The figures below come from internal measurements on real sessions. Google Meet values are measured on calls with participants in Western Europe; Callin Voice Engine values are measured under comparable network conditions.

Component

Callin for Meet

Callin Voice Engine

Δ gained

First-hop network

80–150 ms

~13 ms (P50)

−70–140 ms

Routing / internal server

40–80 ms

5–15 ms (SFU)

−35–65 ms

Jitter buffer

40–80 ms

10–20 ms

−30–60 ms

Transcoding overhead

60–150 ms

0 ms (pure SFU)

−60–150 ms

Codec frame size

20 ms (default)

10 ms

−10 ms

STT → LLM → TTS pipeline

serial ~500 ms

parallel ~200 ms

~−300 ms

End-to-end (estimated)

600–900 ms

180–350 ms

~3× faster


// Latency breakdown — Callin Voice Engine

Network first-hop (client → edge node) ~13 ms P50

SFU forwarding (no transcoding) ~5–15 ms

Jitter buffer (aggressive, private network) ~10–20 ms

STT streaming (starts on first frames) ~80–120 ms

LLM (streaming, parallel to STT) ~60–100 ms

TTS (streaming, parallel to LLM) ~40–80 ms

End-to-end latency (estimated) ~180–350 ms

Selecting the appropriate product

The two products are designed for meaningfully different deployment contexts. The following criteria are intended to support an informed evaluation:


Callin for Google Meet is well-suited when:
The organization is already standardized on Google Workspace · Platform migration is not feasible within the current IT or contractual framework · Call volumes are moderate (<50/day) · End-to-end latency in the 600–900 ms range is acceptable for the intended use case (internal meetings, training sessions, non-time-critical multilingual workflows).

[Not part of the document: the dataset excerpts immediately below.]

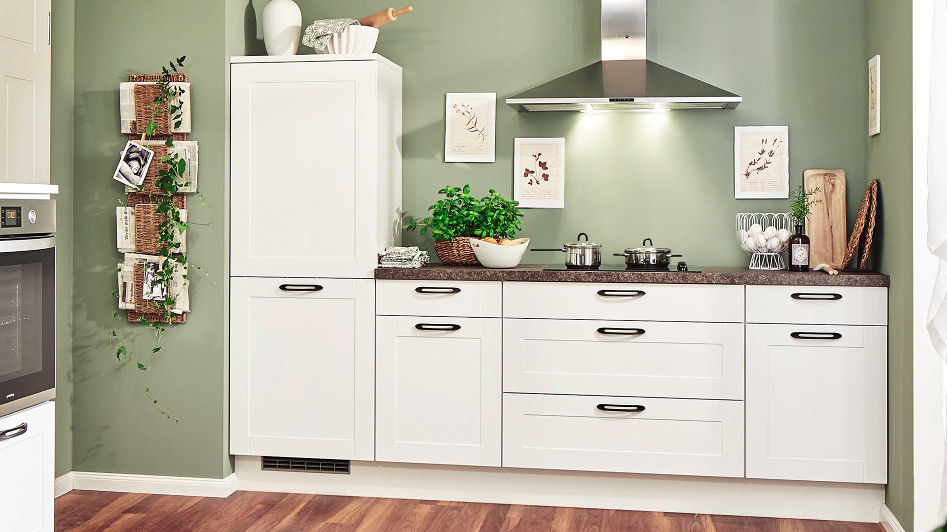 Diese pino Einbauküche kombiniert mattweiße Fronten mit weißen Korpussen und Sockelblenden. Einen stilvollen Akzent setzen die Arbeitsplatten in graubrauner Granit-Nachbildung. Edle Bügelgriffe runden die modern-elegante Optik perfekt ab.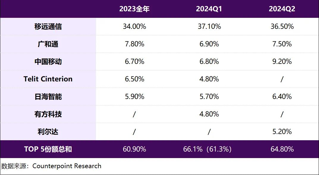 為此,我們總結(jié)了2023全年、2024年第一季度及第二季度蜂窩物聯(lián)網(wǎng)模組企業(yè)全球TOP5的份額數(shù)據(jù),如下: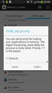 Memory Locker allows you to set OOM_adj priority for locked applications from -17 to -10.

Callin Voice Engine is the appropriate choice when:
The deployment involves a production AI voice agent · The use case is customer-facing, where latency has a direct and measurable impact on user experience and retention · Full programmatic control over the audio pipeline is required (VAD configuration, interruption handling, custom turn-taking logic) · The system must support high call volumes with predictable, scalable infrastructure.


Closing remarks

Both products reflect a consistent underlying principle: the appropriate solution depends on the specific constraints of the problem at hand, not on a single architectural preference.

Callin for Google Meet minimizes the adoption effort for organizations that are already invested in that platform. Callin Voice Engine removes the architectural ceilings for teams operating under tighter latency requirements or building customer-facing products where conversational quality is a differentiator.

The distinction matters because latency in AI voice is not an abstract engineering concern. At 200 ms, a conversation with an AI agent reads as natural. At 800 ms, the interaction pattern shifts — users adapt to the delay, responses feel scripted, and the interface resembles automated telephone systems of a prior era rather than a genuinely conversational product.

For teams evaluating Callin Voice Engine for production workloads, our engineering team is available for dedicated architecture reviews.

Methodological notes
Latency measurements reported above are averages from controlled test sessions with participants in Western Europe (Milan, Frankfurt, Paris) on consumer fiber connections (50–200 Mbps). Real-world values vary based on geography, network quality, and AI model load. "Callin for Google Meet" figures reflect structural overhead inherent to the Google Meet architecture, independent of Callin's implementation. Full benchmarks are available on request for enterprise customers.